Vardhan and several engineers in his neighborhood then made the Terminator Mini, which was designed for single households with about 140 liters of containing capacity. Building a disinfecting machine “that can sit at the door of your house” was the underlying idea for Terminator Mini, according to Vardhan.

“We needed a machine that could clean anything, even an entire room, and so that’s when the Terminator Turbo was born,” Vardhan said. The Terminator Turbo is not a chamber-based device. It is a robot with an arm equipped with UVC lights, along with UVC lights at the bottom, targeting the floor. 

Words about the Terminator series then began “spreading like wildfire,” and the Prime Minister’s office in Delhi contacted him saying that they wanted a Mega, and then the Army came to him, too, for six Minis.

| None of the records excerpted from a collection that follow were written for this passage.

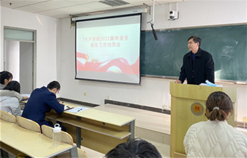 近日,水产学院2022届毕业生就业创业工作动员会在敏学楼召开。学院党委书记高建华、副书记李飞跃参加会议。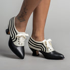 These attractive lace-up shoes have all the style and sass of footwear from c. 1900 through the 1920s and will keep you on your feet and comfortable all day, whether you're attending historical costuming events or walking the streets of New York City. Bernadettes feature our sturdy 2 inch / 5 cm French heel, welted hard-wearing leather soles, pointed toes, and an adjustable lace-up closure, plus all that style with eye-catching contrast stripes on all-leather uppers. Delicious!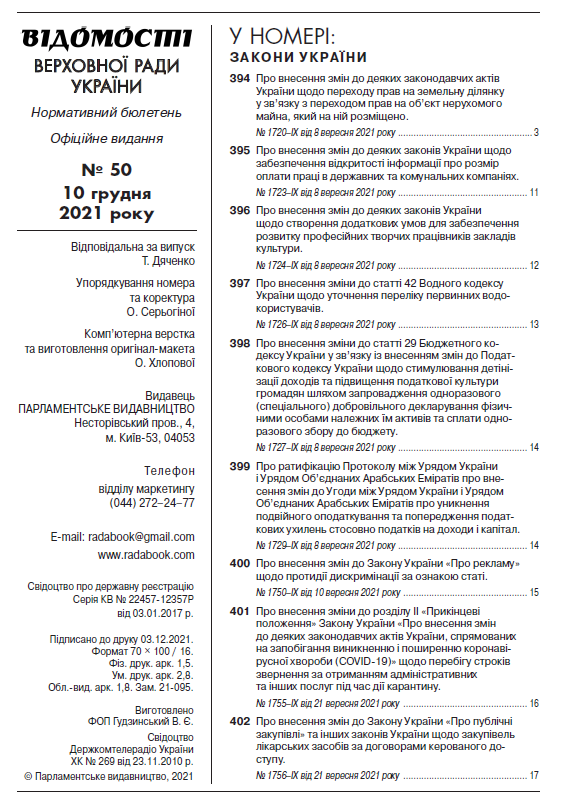У черговому номері збірника нормативно-правових актів парламентського видавництва «Відомості Верховної Ради України» №50 від 10 грудня 2021 року опубліковано ряд законів і постанов, прийнятих під час шостої сесії Верховної Ради дев’ятого скликання.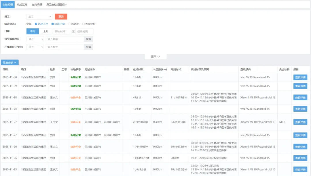 这些数据的采集目的,是还原员工工作时间内的真实外勤行为,而不是监视员工本人。
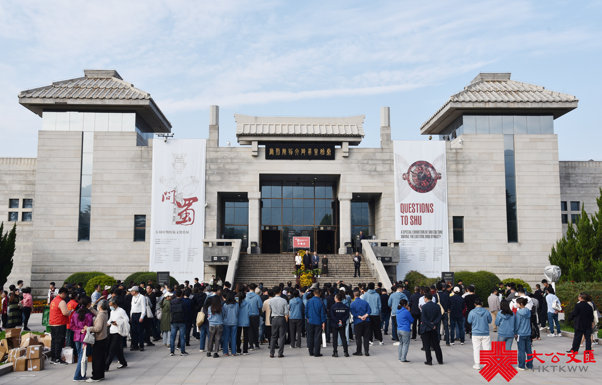 (大公文匯網記者 李陽波)形態誇張的青銅人頭像、神秘的跪坐銅人像、驚艷絕倫的太陽神鳥金飾、造型奇特的豬形漆盒……10月25日,「問蜀一一東周時期的蜀文化特展」在秦始皇帝陵博物院文物陳列廳正式開展。此次展覽匯聚了四川、湖北、陝西25家文博單位的300餘件展品,不僅清晰回答了古蜀文明「你是誰?」「你從哪裏來」「你去了哪裏?」等問題,同時更用實物展示了特立獨行的古蜀文明一步步匯入中華文明歷史長河的進程。

“The Terminators were never a business for me.” Vardhan said. “I’m an engineer, and that’s all I want to be. I just want to offer technology that’s been available for a while, at a price that anyone can access. The Terminators taught me how I can take a prototype and turn it into something I can sell, and that’s all I wanted.”

Vardhan posts about his other projects on his YouTube channel “Making with Mihir” and his website.